I normally try to do this post right around new year, but I didn’t. I’m not sure if I was still trying to process everything that happened last year or if I was too busy trying to move on into 2023. Either way, here it is: my reflections on a roller coaster, gut wrenching year with many emotional highs and lows. This year brought me closer to some dreams and shattered others.
Roses
I accomplished many goals that I set for myself in 2022 and demonstrated that hard work (with a dose of spontaneity and flexibility) pays off:
- I graduated with my masters degree! This was one of the goals I set for myself in 2022.
- I got a paper accepted into one of the best robotics conferences: IEEE/RSJ International Conference on Intelligent Robots and Systems (IROS). All told, I completed grad school with 4 publications (2 first authors), 2 patent applications, and 1 conference talk. Not bad for 18 months work!
- I joined a robotics startup. I have dreamed of being part of a startup since 2013 and I am extremely excited to be able to take this leap and join an amazing new team.
- I travelled the country along the entirety of Route 66.
- I visited 11 national parks (Joshua Tree, Death Valley, Kings Canyon, Sequoyah, Yosemite, Pinnacles, Badlands, Wind Caves, Petrified Forest, Crater Lake, and Gateway Arch).

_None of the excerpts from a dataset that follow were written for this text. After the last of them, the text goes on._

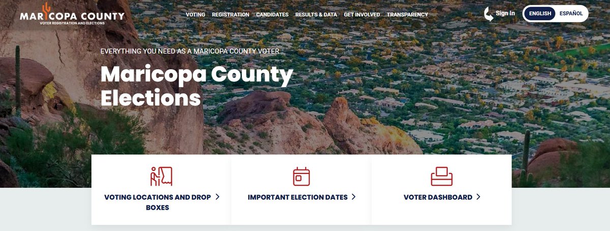 The new voter registration and election website (Elections.Maricopa.Gov) is modern, way easier to use, fully integrates the voter dashboard, and has way more features (e.g. visual representation of all the voting locations, real time update of voter registration statistics, do-it-yourself tours of the election facility, downloadable election maps, voter assistance requests, English-to-Spanish toggle).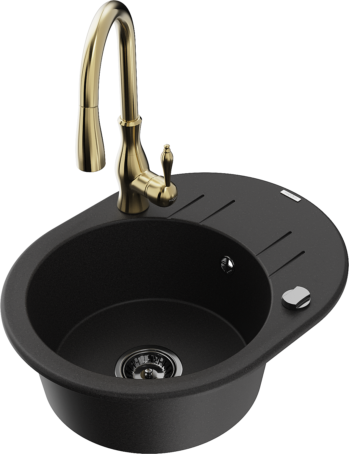 Mexen Kevin granieten spoelbak met 1 bak, druiprek en Savita keukenkraan, zwart - 6517-77-672601-50-B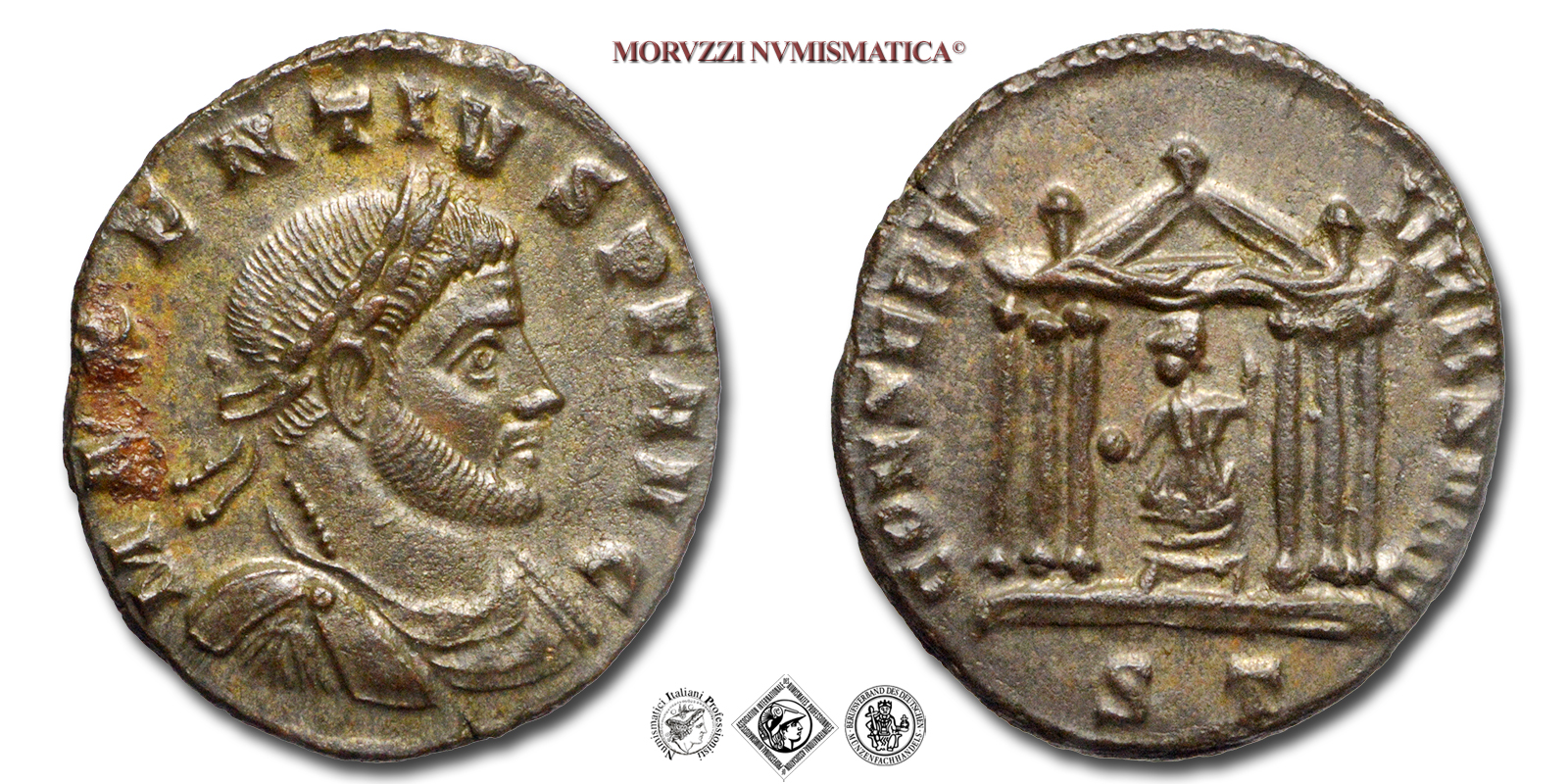 Impero Romano, MASSENZIO, 306-312 d.C., FOLLIS, Emissione: 307-308 d.C., D/ MAXENTIVS P F AVG, busto laureato con paludamento e corazza a destra, R/ CONSERV VRB SVAE, S T, tempio esastilo all'interno del quale vi è la statua di Roma seduta, Zecca di Ticinum, Rif. bibl. R.I.C., 95; Cohen, 28; Metallo: AE, gr. 6,82, (MR160315), Diam.: mm. 22,58, SPL, (NC)

- I had a solid set of friends who supported me when I needed it and I am really grateful.
Thorns
I never enjoy making snap decisions under pressure, and I made some bad ones this year. My values were challenged and my ego bruised. I’m still not sure what the lasting impact of these events will be:
- My romantic life imploded and it hurt. I lurched forward too soon, I sent shrapnel everywhere, and had to pick up the pieces.
- Family drama from 2012 resurfaced and it really hurt, too. Despite emotional manipulation and threats of physical violence, I reinforced my boundaries and decided to move forward by living the life I wanted to live.
- A cousin committed suicide. This came as a real shock and hit me doubly hard given the other family drama.
- My savings evaporated between a stock market slump and expenditures to transition out of grad school. The economic turmoil added to my stress and I felt pressure to make decisions quickly.
- I was rear ended in my first car crash, though all parties walked away without physical injuries.
- Throughout this roller coaster, I felt burnt out and used. Instead of leaning on friends for support, I disconnected and retreated into my shell.
- The loneliness from crumbling {romantic, friendly, and family} relationships sunk in deeply after moving 100’s of miles away from where I’ve lived for the past 20+ years.
Buds
Despite the turmoil, I made it through the year and am now focused on recharging, repairing, and rebuilding. This year (2023) is a new chapter with new beginnings.
- I look forward to focusing on myself and finding ways to improve my emotional health and physical fitness. Let’s see if I can keep my momentum going at the rock climbing gym!
- After finishing grad school and transitioning into a new field as a software engineer, I am excited about more professional development and career growth with a great new team.
- I overcorrected in establishing and setting my boundaries last year, and this year I want to focus on maintaining healthy relationships.
- I have plans to go backpacking with some friends in the Sierra Nevada Mountains later this year. Going on a big backpacking trip was one of the goals I missed last year, and I’m glad I have a crew ready to go this year.
- Assuming no major upsets, I am on track to finally be debt free by the end of this year!
- This is a year I will likely spend living in the moment while I set new goals for the next decade of my life. I can’t wait to see where that will take me.
So, here it is: my future! The journey down the rabbit hole continues.